# [Prompt]
No pictures belong in the copy. Restate the rest of the data exactly.

# [Given information]
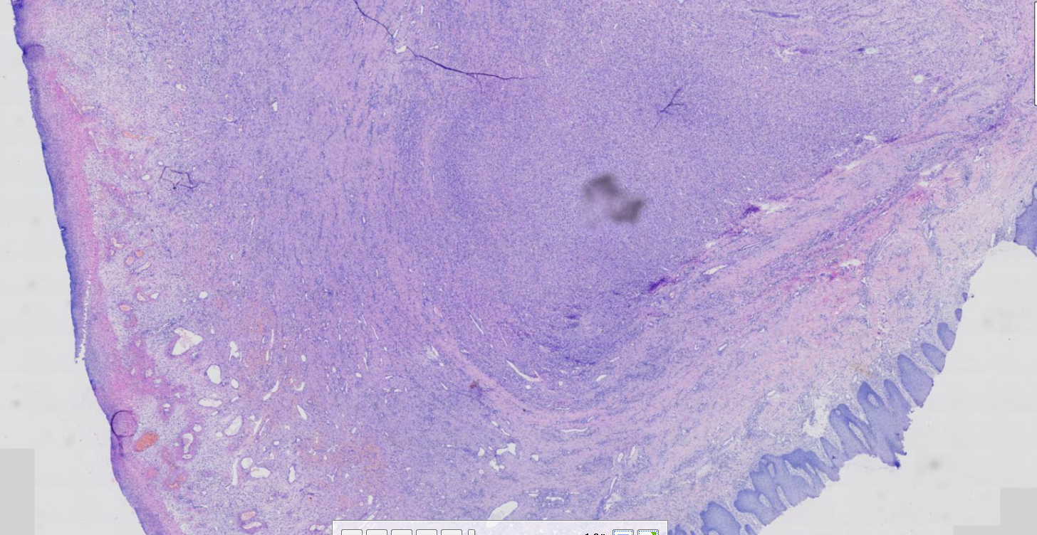 带皮肤肿物,体积3*2.5*2cm,表面部分瘤体被皮肤包裹,切面灰白质中。
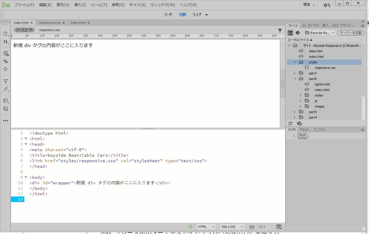 SshouichikParticipantForum|Forum|5 years agoMay 20, 2020Question体験版使用中での質問ですForum|Forum|5 years agoMay 20, 20201 reply235 views昨日使い始めたばかりですが躓いてます。チュートリアルの二回目テキストコンテンツの追加と書式設定の、関連ファイルツールバーで、「responsive.css」をクリックしますの時に表示される画面が違います。一行目の1 @charset "utf-8";が無く、一行目に1 #wrappr {となっていますが、これでいいのでしょうか。 また、その後のプロパティインスペクターで、「フォーマット」ドロップダウンメニューを開きですが、該当する箇所が見当たりません。(画像) 超初心者で、とんもない質問かも知れませんが、ここで止まって前に進めなくなくなっています。よろしくお願いいたします
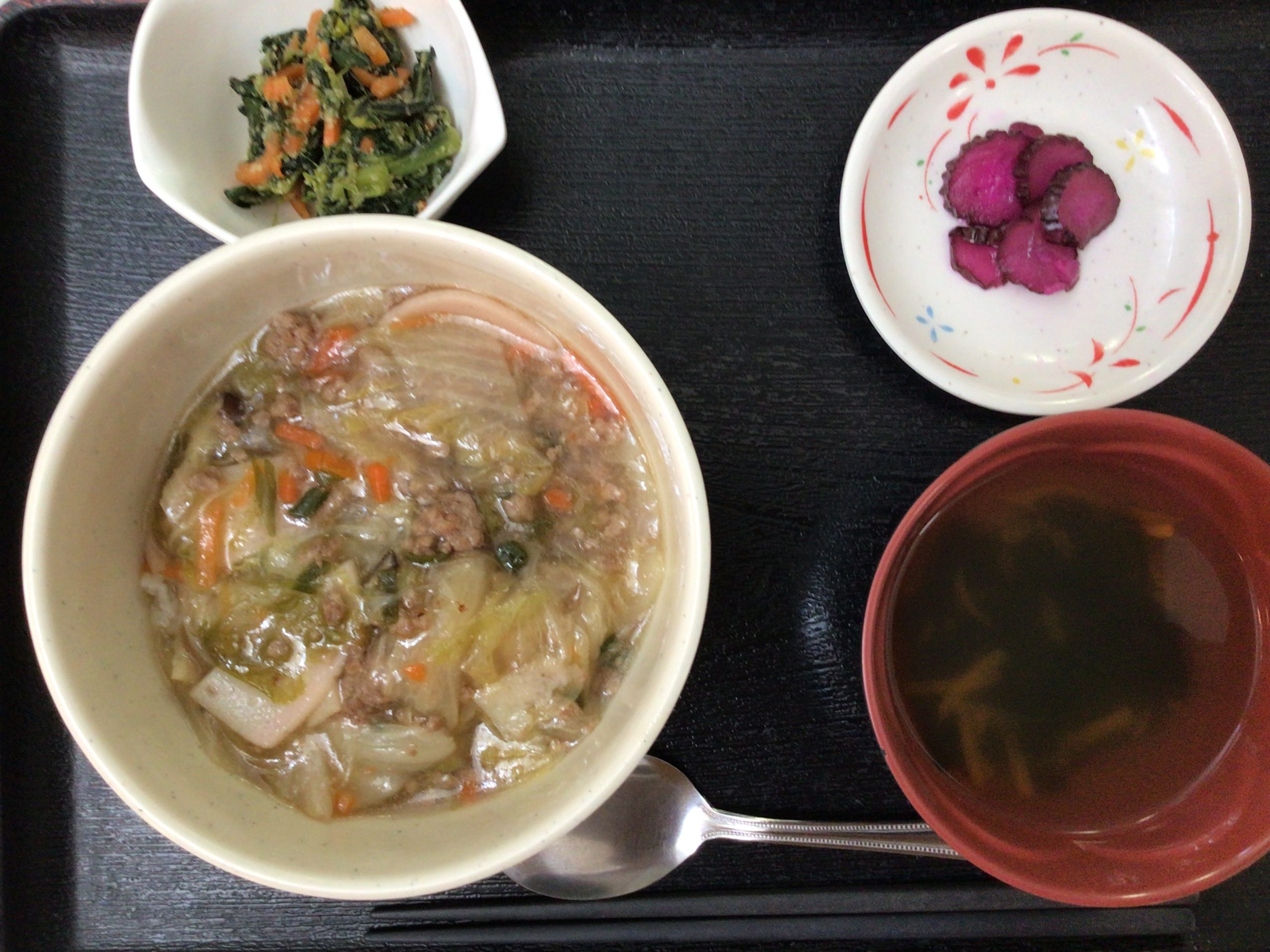 【昼食】 1.米飯 2.醤油ラーメン 3.ナムル 4.漬物
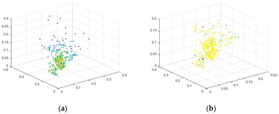 Following data collection, three datasets were compiled: vegetation indexes and the SPAD dataset, texture features and the SPAD dataset, and vegetation indexes combined with texture features and the SPAD dataset during the fruit growth period, resulting in 164 samples. For the litchi fruit growth period and autumn shoot period, 294 samples were acquired from the same three datasets. Each dataset underwent preprocessing, with the SVM algorithm utilized to identify and eliminate outliers. The distribution diagram in Figure 3 illustrates the dataset before and after screening. Figure 3a displays the initial data distribution, revealing both excessive centralization and discreteness. Post-screening, the data distribution demonstrated increased concentration, mitigating the discreteness. Consequently, 134 valid samples were retained for the litchi fruit growth period across the three datasets, and for the litchi fruit growth period and autumn shoot period, 266 groups of valid samples were secured.

# [Response]
 带皮肤肿物,体积3*2.5*2cm,表面部分瘤体被皮肤包裹,切面灰白质中。
 SshouichikParticipantForum|Forum|5 years agoMay 20, 2020Question体験版使用中での質問ですForum|Forum|5 years agoMay 20, 20201 reply235 views昨日使い始めたばかりですが躓いてます。チュートリアルの二回目テキストコンテンツの追加と書式設定の、関連ファイルツールバーで、「responsive.css」をクリックしますの時に表示される画面が違います。一行目の1 @charset "utf-8";が無く、一行目に1 #wrappr {となっていますが、これでいいのでしょうか。 また、その後のプロパティインスペクターで、「フォーマット」ドロップダウンメニューを開きですが、該当する箇所が見当たりません。(画像) 超初心者で、とんもない質問かも知れませんが、ここで止まって前に進めなくなくなっています。よろしくお願いいたします
 【昼食】 1.米飯 2.醤油ラーメン 3.ナムル 4.漬物
 Following data collection, three datasets were compiled: vegetation indexes and the SPAD dataset, texture features and the SPAD dataset, and vegetation indexes combined with texture features and the SPAD dataset during the fruit growth period, resulting in 164 samples. For the litchi fruit growth period and autumn shoot period, 294 samples were acquired from the same three datasets. Each dataset underwent preprocessing, with the SVM algorithm utilized to identify and eliminate outliers. The distribution diagram in Figure 3 illustrates the dataset before and after screening. Figure 3a displays the initial data distribution, revealing both excessive centralization and discreteness. Post-screening, the data distribution demonstrated increased concentration, mitigating the discreteness. Consequently, 134 valid samples were retained for the litchi fruit growth period across the three datasets, and for the litchi fruit growth period and autumn shoot period, 266 groups of valid samples were secured.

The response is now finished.